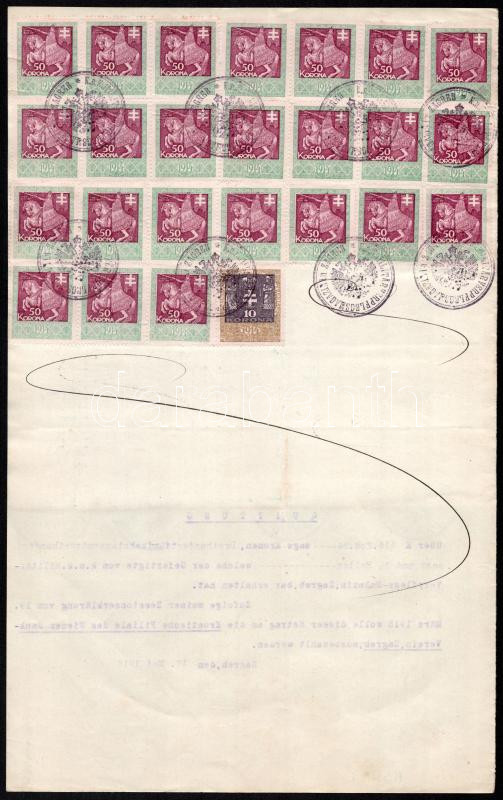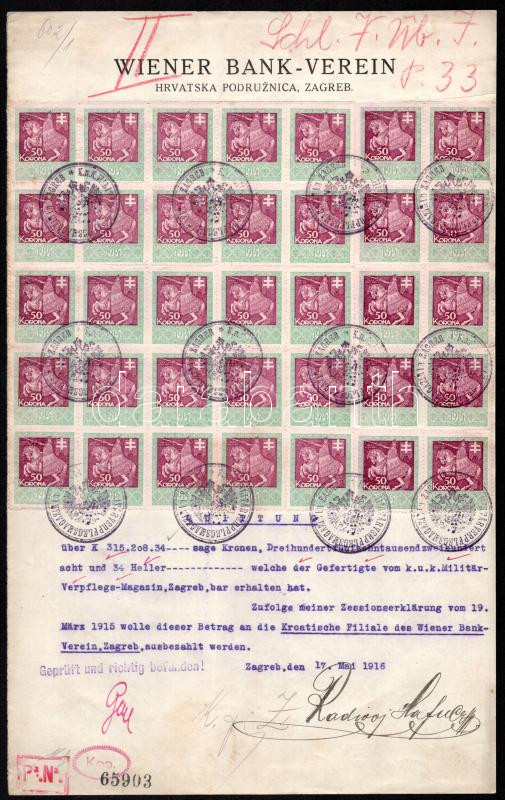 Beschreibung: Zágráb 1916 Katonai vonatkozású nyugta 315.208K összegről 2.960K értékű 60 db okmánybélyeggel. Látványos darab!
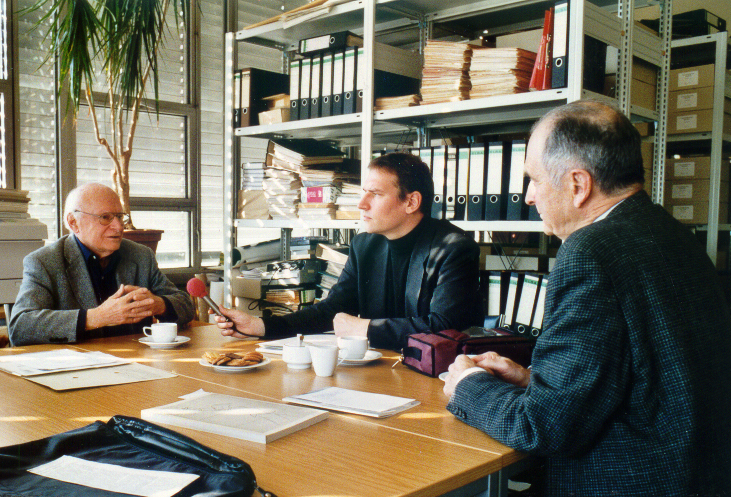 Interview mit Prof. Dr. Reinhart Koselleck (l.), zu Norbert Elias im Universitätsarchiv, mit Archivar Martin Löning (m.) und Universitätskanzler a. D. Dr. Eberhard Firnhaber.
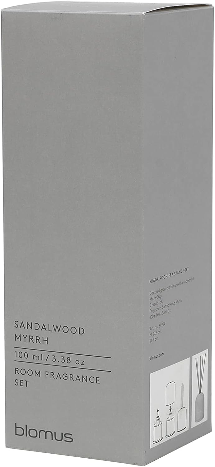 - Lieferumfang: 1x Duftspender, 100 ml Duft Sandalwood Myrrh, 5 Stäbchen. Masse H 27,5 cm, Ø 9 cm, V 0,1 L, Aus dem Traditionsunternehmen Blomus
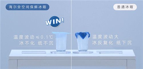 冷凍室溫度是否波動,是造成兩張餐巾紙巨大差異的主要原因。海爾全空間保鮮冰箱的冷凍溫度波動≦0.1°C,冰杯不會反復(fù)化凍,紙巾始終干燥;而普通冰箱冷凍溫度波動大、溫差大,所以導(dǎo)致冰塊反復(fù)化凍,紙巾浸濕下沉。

---------------

— Exercise details —
Set down the material exactly, every line of it, except for the pictures.

— Solution to this problem —
 Beschreibung: Zágráb 1916 Katonai vonatkozású nyugta 315.208K összegről 2.960K értékű 60 db okmánybélyeggel. Látványos darab!
 Interview mit Prof. Dr. Reinhart Koselleck (l.), zu Norbert Elias im Universitätsarchiv, mit Archivar Martin Löning (m.) und Universitätskanzler a. D. Dr. Eberhard Firnhaber.
 - Lieferumfang: 1x Duftspender, 100 ml Duft Sandalwood Myrrh, 5 Stäbchen. Masse H 27,5 cm, Ø 9 cm, V 0,1 L, Aus dem Traditionsunternehmen Blomus
 冷凍室溫度是否波動,是造成兩張餐巾紙巨大差異的主要原因。海爾全空間保鮮冰箱的冷凍溫度波動≦0.1°C,冰杯不會反復(fù)化凍,紙巾始終干燥;而普通冰箱冷凍溫度波動大、溫差大,所以導(dǎo)致冰塊反復(fù)化凍,紙巾浸濕下沉。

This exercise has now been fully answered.